Dataset:
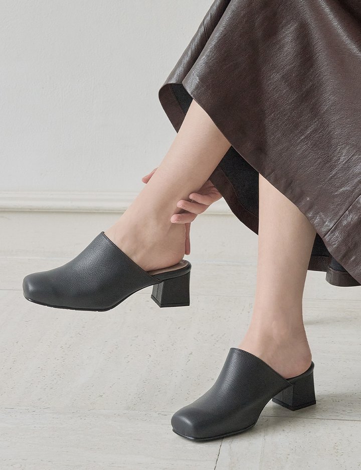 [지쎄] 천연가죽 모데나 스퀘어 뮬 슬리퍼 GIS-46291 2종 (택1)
...
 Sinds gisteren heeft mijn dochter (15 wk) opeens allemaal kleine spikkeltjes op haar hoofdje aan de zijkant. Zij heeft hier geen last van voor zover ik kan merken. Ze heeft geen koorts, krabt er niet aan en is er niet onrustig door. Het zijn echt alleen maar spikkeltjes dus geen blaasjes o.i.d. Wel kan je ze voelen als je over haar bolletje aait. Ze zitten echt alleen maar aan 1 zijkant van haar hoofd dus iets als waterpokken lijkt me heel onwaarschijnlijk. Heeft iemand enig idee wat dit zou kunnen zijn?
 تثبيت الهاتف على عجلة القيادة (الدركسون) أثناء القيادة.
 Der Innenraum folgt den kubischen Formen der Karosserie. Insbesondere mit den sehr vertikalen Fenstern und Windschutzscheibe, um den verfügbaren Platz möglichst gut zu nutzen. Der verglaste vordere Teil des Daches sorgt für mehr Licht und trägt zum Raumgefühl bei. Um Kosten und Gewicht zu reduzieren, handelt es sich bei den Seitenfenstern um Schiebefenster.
---
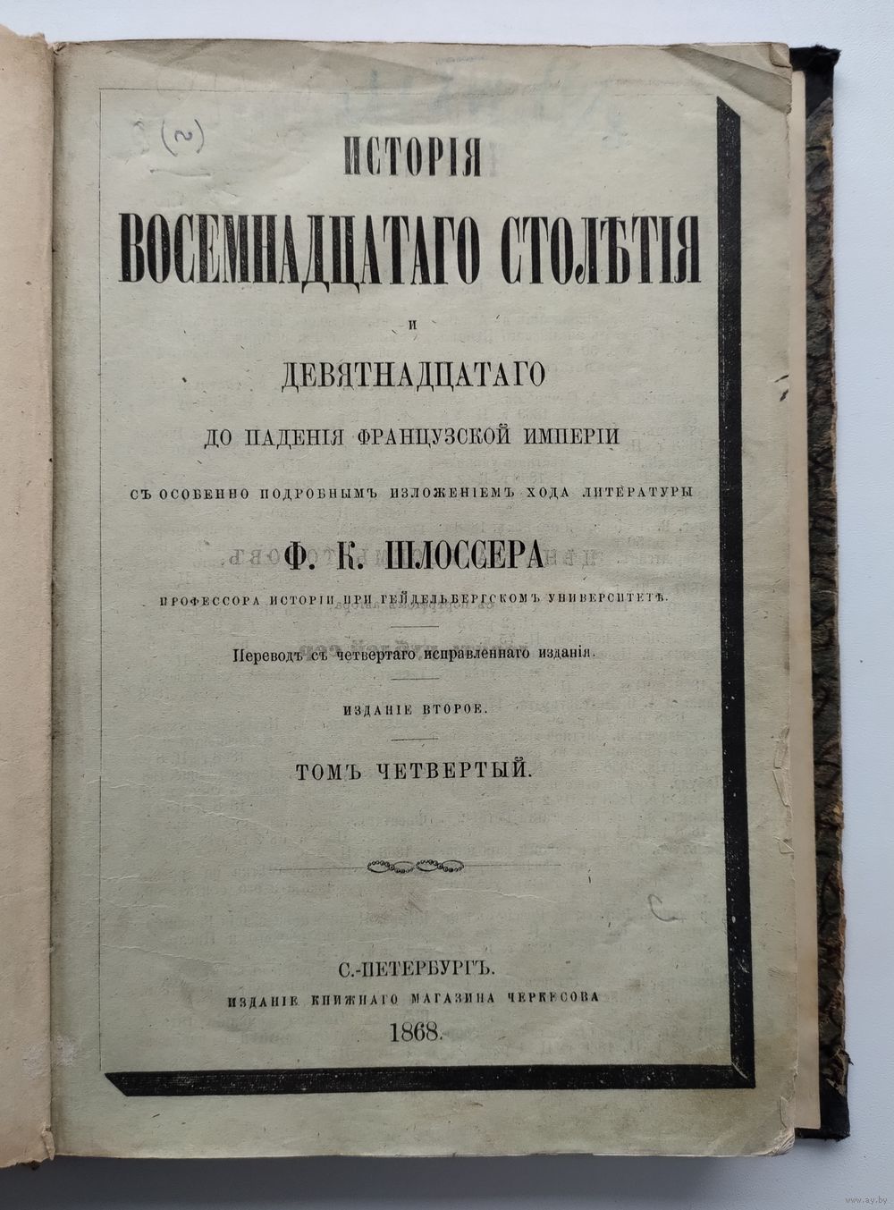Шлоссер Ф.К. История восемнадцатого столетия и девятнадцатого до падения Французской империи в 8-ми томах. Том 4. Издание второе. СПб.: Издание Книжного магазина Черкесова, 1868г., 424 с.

Aim of the task:
Using only the entries above, output the line with "Sinds gisteren heeft", the line with "تثبيت الهاتف على", and all lines between them, exactly as they stand.

Exercise answer:
 Sinds gisteren heeft mijn dochter (15 wk) opeens allemaal kleine spikkeltjes op haar hoofdje aan de zijkant. Zij heeft hier geen last van voor zover ik kan merken. Ze heeft geen koorts, krabt er niet aan en is er niet onrustig door. Het zijn echt alleen maar spikkeltjes dus geen blaasjes o.i.d. Wel kan je ze voelen als je over haar bolletje aait. Ze zitten echt alleen maar aan 1 zijkant van haar hoofd dus iets als waterpokken lijkt me heel onwaarschijnlijk. Heeft iemand enig idee wat dit zou kunnen zijn?
 تثبيت الهاتف على عجلة القيادة (الدركسون) أثناء القيادة.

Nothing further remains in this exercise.